郵送で本店移転登記申請書を提出する際には、書留を利用し、封筒の表に「登記申請書在中」と明記してください。これにより、郵送中の紛失や誤送を防ぐことができます。
本店移転登記申請書の提出時における3つの注意点
本店移転登記申請書の注意点①:製本
本店移転登記申請書は、通常複数枚の構成となるため、提出前には必ず製本を行いましょう。本店移転登記申請書を印刷後、左側2カ所をホッチキスでとじ、見開き部分に契印が必要となります。きちんと製本された本店移転登記申請書でないと、受付がスムーズに進まないこともあるため注意が必要です。
本店移転登記申請書の注意点②:押印
製本した本店移転登記申請書には、必ず会社実印での押印が求められます。書類の綴じ部分には契印を、各ページの右上には捨印を押印してください。また、本店移転登記申請書に記載された代表取締役の署名欄にも、会社実印を用いて押印を行います。すべてのページに正しく押印されているか、事前にしっかり確認しましょう。
本店移転登記申請書の注意点③:収入印紙の貼付
本店移転登記を行う際には、登録免許税を収入印紙で納付する必要があります。この収入印紙は、本店移転登記申請書に直接貼付しなければなりません。
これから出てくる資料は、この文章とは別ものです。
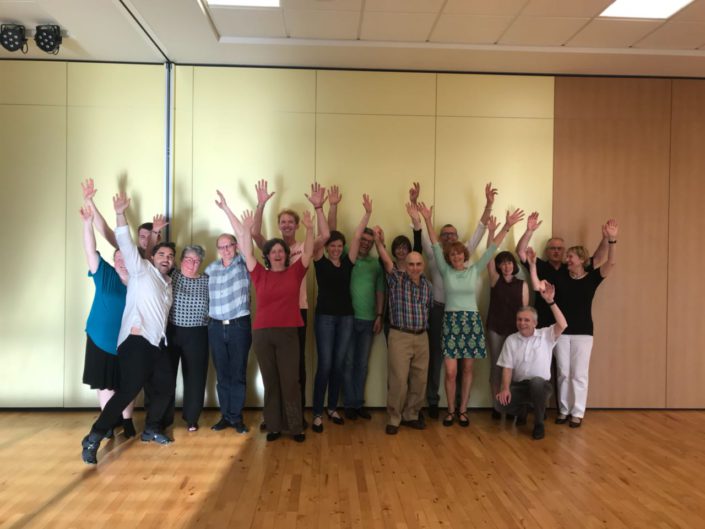 SAMBA war das brasilianische Thema beimWorkshop des TSC Schwarz-Gold. Die Teilnehmer waren begeistert, wie das Foto mit dem Trainer Berk zeigt.
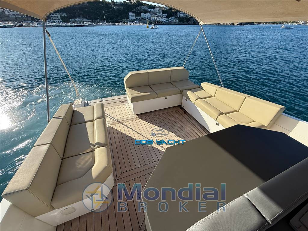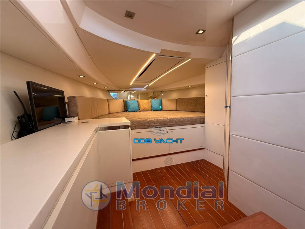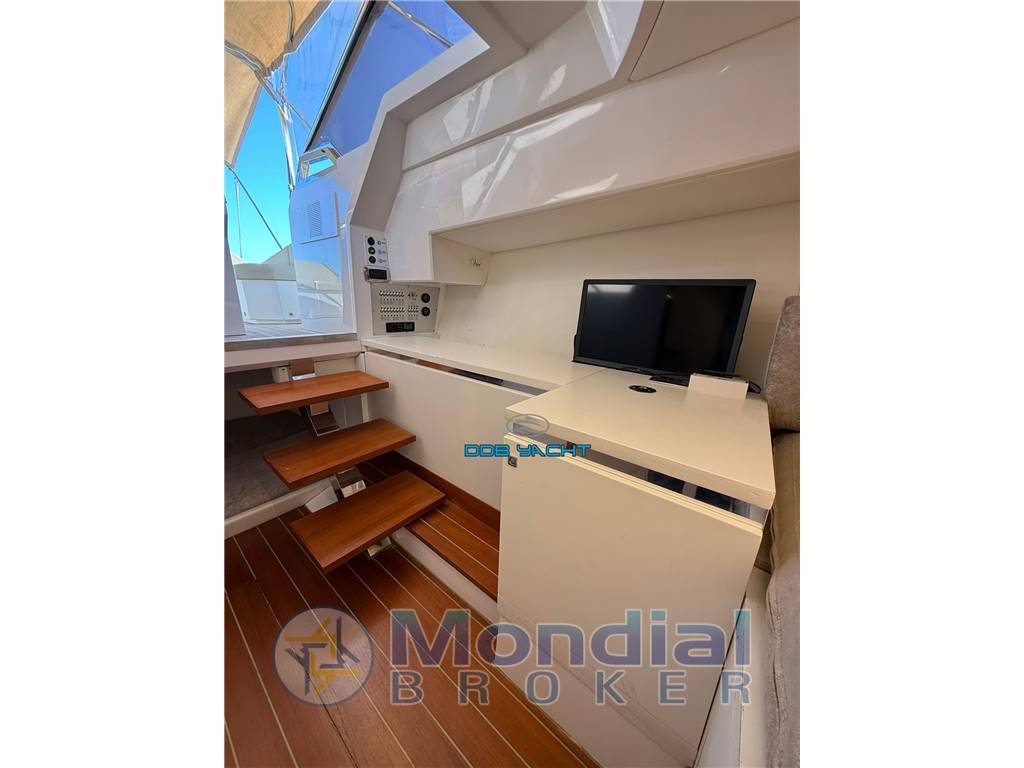 Disposizione interni ed esterni: cabina OPEN SPACE con letto a V a prua, locale wc separato, cabina di poppa open space; ampio pozzetto di poppa con divani corredati di tappezzerie complete, tavolo elettrico convertibile in prendisole, mobile living con lavandino, fuochi a gas e frigo, plancia di comando con seduta pilota e co pilota, ampio prendisole di prua.

貼付し忘れると、申請自体が無効となる可能性があるため十分に注意しましょう。
なお、管轄外移転の場合には、本店移転登記申請書を旧法務局用と新法務局用の2通提出する必要があります。それぞれの登記申請書に個別に収入印紙を貼付する必要があるため、金額や枚数にも注意を払いましょう。
まとめ

本店移転を行う際には、適切な手続きを踏んで「本店移転登記申請書」を法務局に提出することが求められます。

SoVa税理士お探しガイド編集部
管轄内移転か管轄外移転かによって必要書類や申請書の枚数も異なるため、事前に移転先の法務局の管轄を確認し、必要な書類を漏れなく準備することが重要です。
また、本店移転登記申請書には定款変更や議事録の添付が必要なケースもあるため、提出までの流れを正しく理解しておくことで、スムーズな登記完了につながります。本記事で解説した内容を参考にしながら、登記申請書の作成・提出を計画的に進めましょう。